Solution Approach 2:
The patent introduces automated feedback loops that continuously monitor organizational performance and automatically trigger strategy adjustments. This eliminates the need for manual monitoring while maintaining high effectiveness, as the system responds automatically to changing conditions without adding operational complexity.
Data Source
AI summary
An approach is provided for organizational transformation from a current state to a target state. Common language model(s) can dynamically perform interviews with stakeholders as part of a cooperative game to use disparate stakeholder insights to define the target state, projects, milestones, tasks, and resource use/availability.
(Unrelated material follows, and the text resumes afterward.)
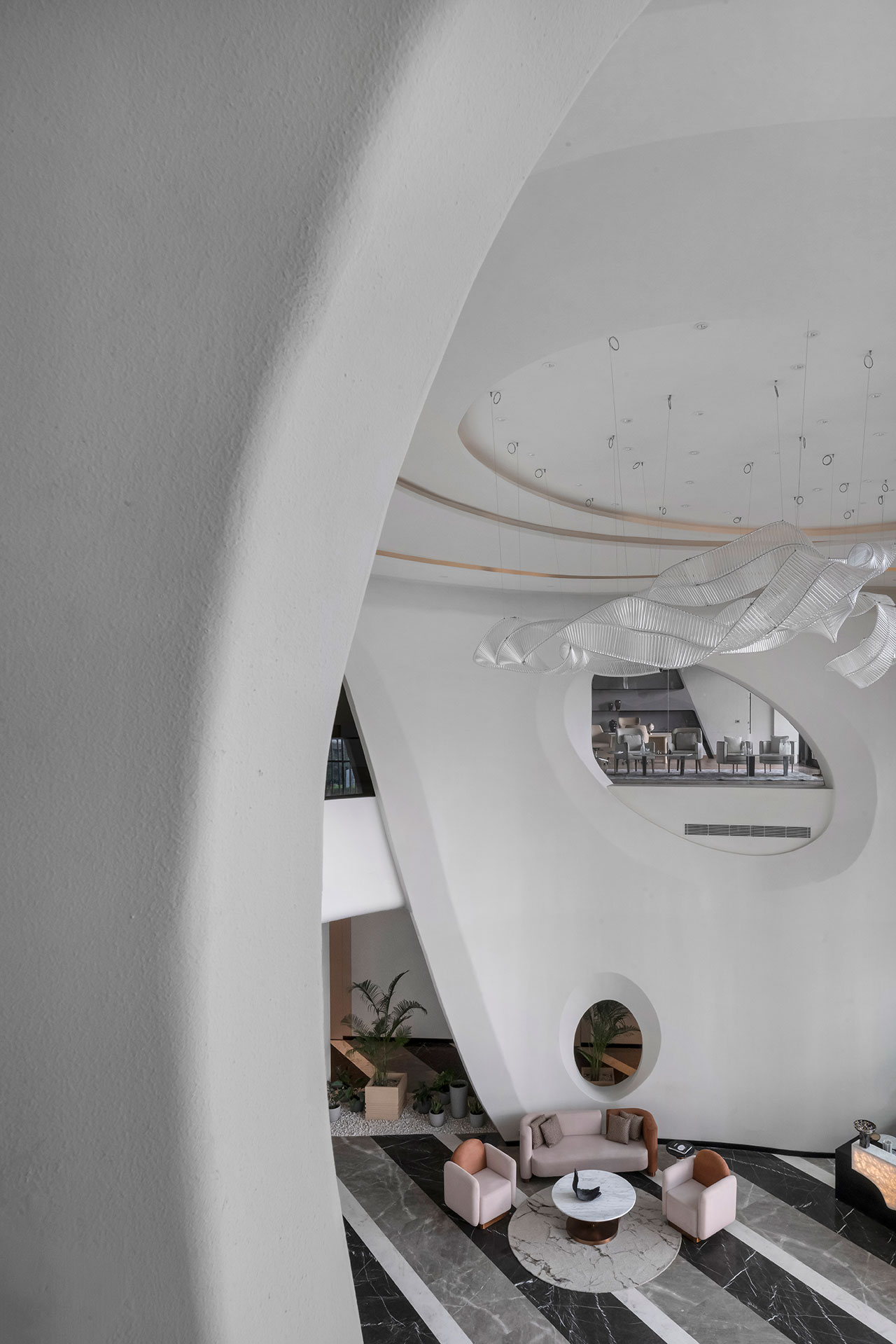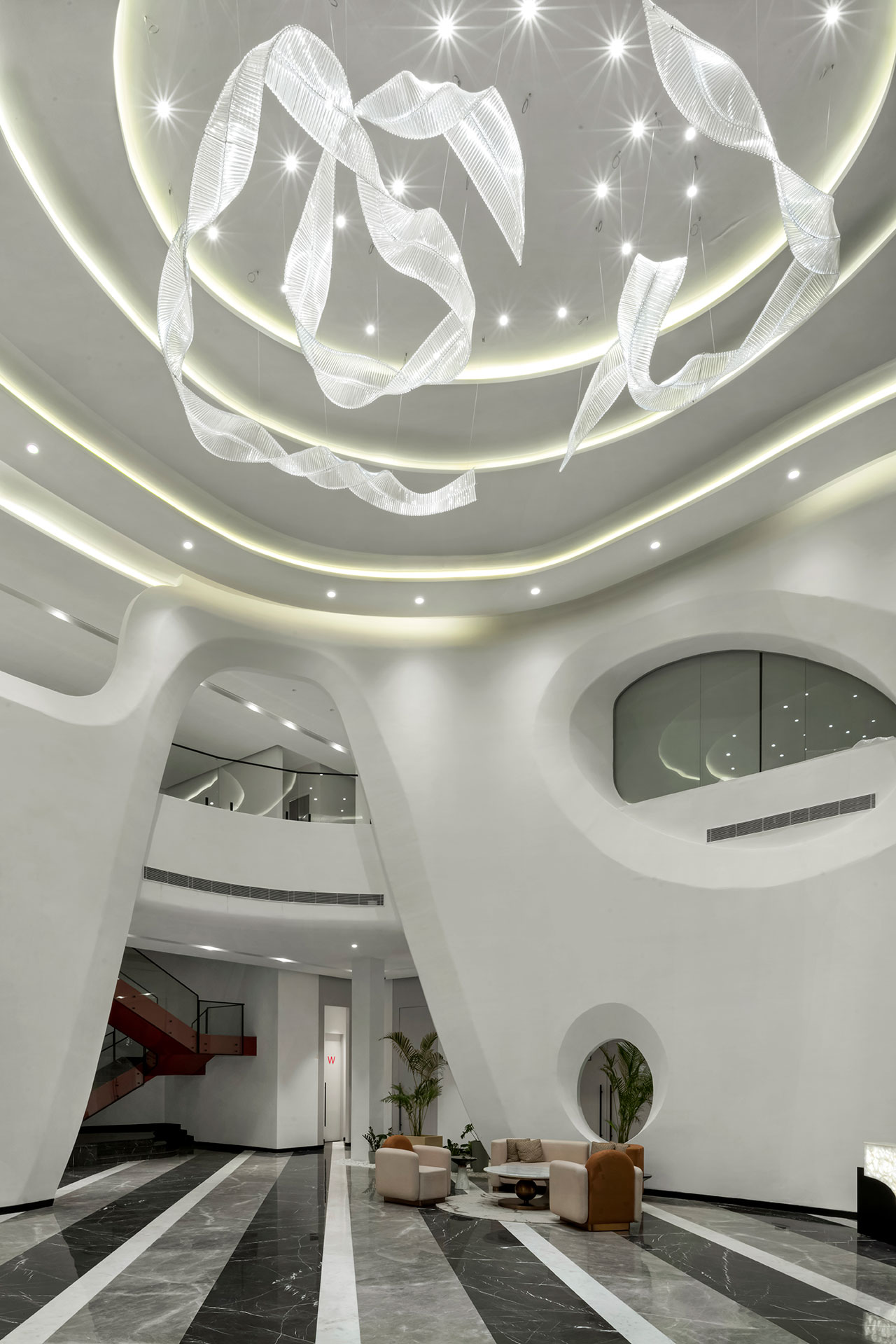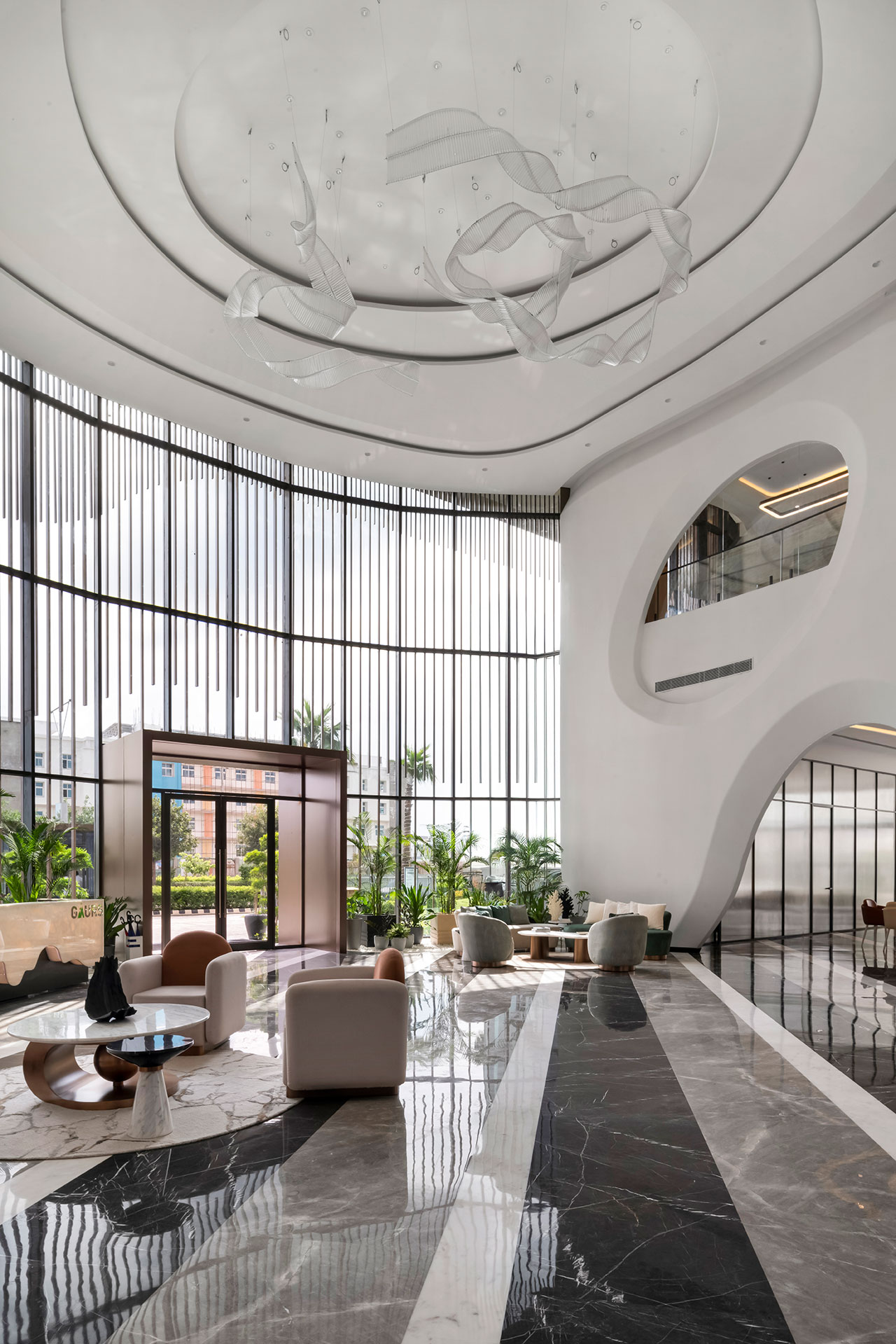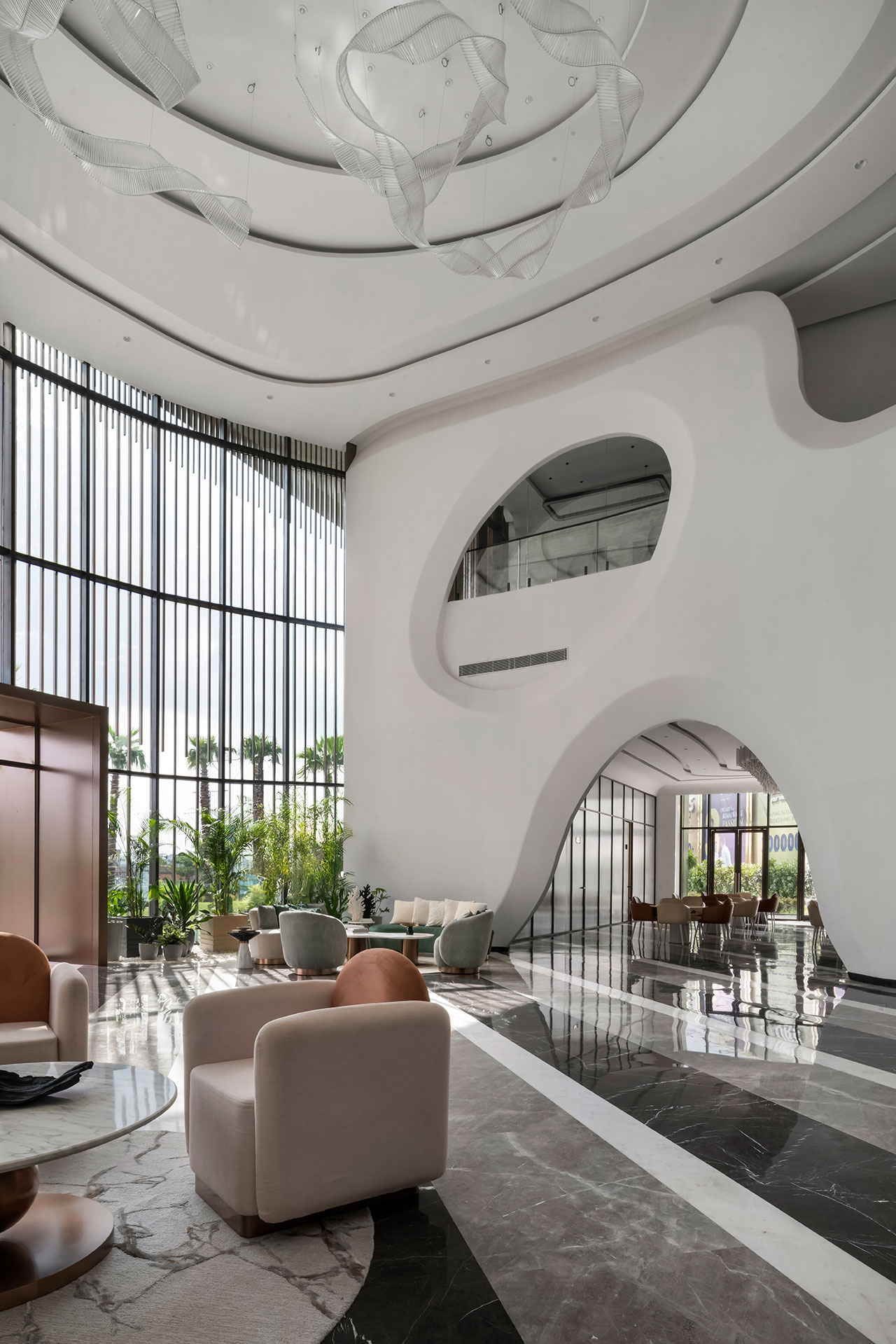 Moments of delight are found in every corner of the gallery. Portals and glass doors offer just enough separation yet maintain visual flow. Polished marble flooring that features light and dark diagonal slabs adds luxury underfoot. A diaphanous ribbon fixture seems to float overhead like a cloud.

Lookalike Models can be used to model the organization as a dissipative system and calculate an organizational entropy score. A Markov model identifies possible task completion pathways between current and target state. An optimal project completion path through the Markov model may be identified using Decision Tree Models to identify magnitude of contribution to organizational transformation towards target state for each project and likelihood of successful project completion for each project using Fault Tree Models. Project completion resource allocation plans can be generated based on optimal Markov path. Bayesian Priors can be calculated based on performance measured using micro-behaviors analysis.